- [Work order]
Only the lines below from the one containing "Mur de salon anthracite 80x40x50 wido" through the last line should be set down, exactly as written and with no pictures.

- [Information provided]
· · ·

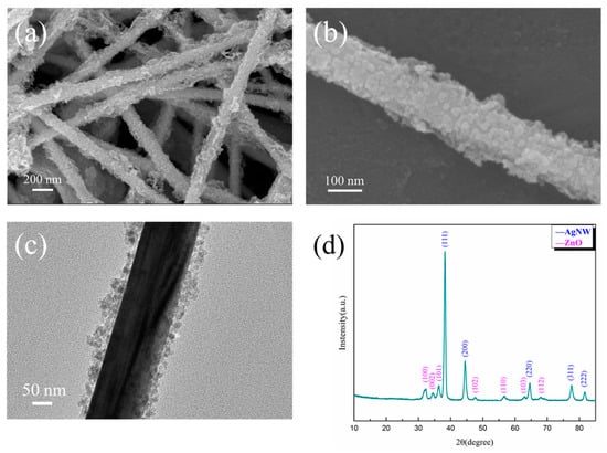 Figure 4d. The diffraction peaks of (111), (200), (220), (311), and (222) crystal planes corresponding to the AgNWs are seen. In addition, typical characteristic diffraction peaks of ZnO appeared at 31.9°, 34.5°, 36.3°, 47.7°, 56.7°, 62.9°, and 68.1° in the XRD pattern, which can be indexed respectively to the (100), (002), (101), (102), (110), (103), and (112) crystal planes of the hexagonal wurtzite structure of ZnO. Except for AgNWs and ZnO phase diffraction peaks, no other peaks are noticed, which indicates the high purity of the obtained AgNW@ZnO filler.
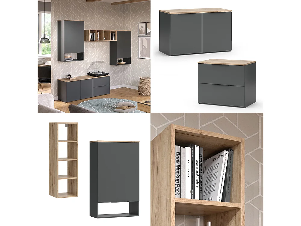 Mur de salon anthracite 80x40x50 wido
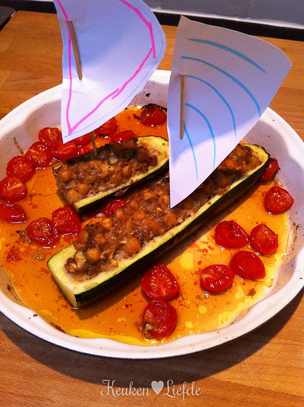 Nadat alle boodschappen zijn opgeruimd, gaan mijn dochter en ik aan de slag voor de kindercategorie Speels & Smakelijk. We maken courgettebootjes gevuld met gehakt en kikkererwten. Superlekker en gezond. Het recept komt morgen online.
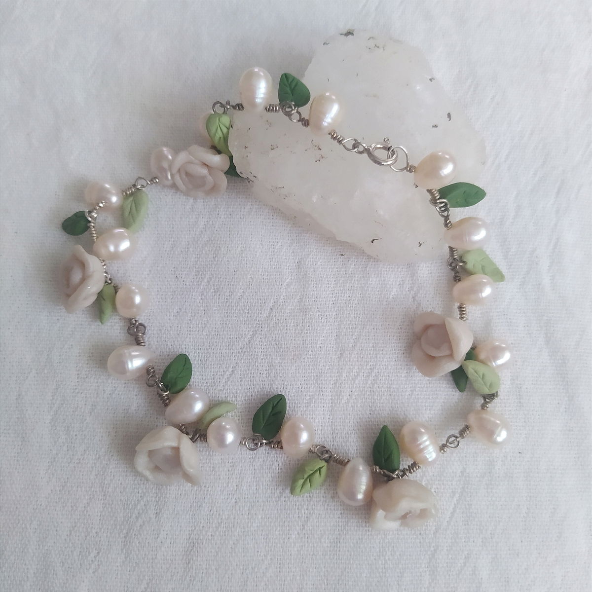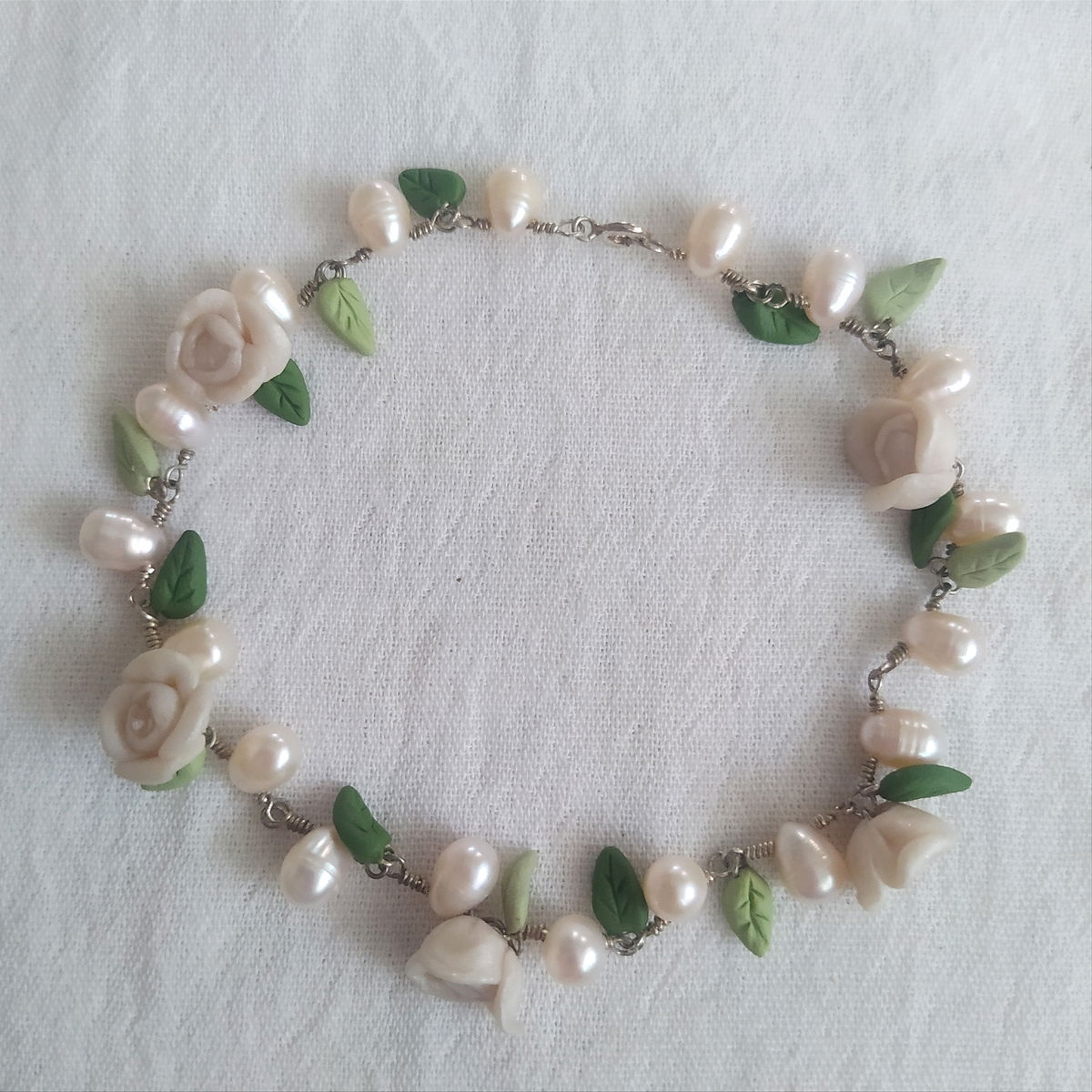Tobillera de plata 925, perlas blancas y flores flancas.

· · ·

- [Result of the exercise]
 Mur de salon anthracite 80x40x50 wido
 Nadat alle boodschappen zijn opgeruimd, gaan mijn dochter en ik aan de slag voor de kindercategorie Speels & Smakelijk. We maken courgettebootjes gevuld met gehakt en kikkererwten. Superlekker en gezond. Het recept komt morgen online.
Tobillera de plata 925, perlas blancas y flores flancas.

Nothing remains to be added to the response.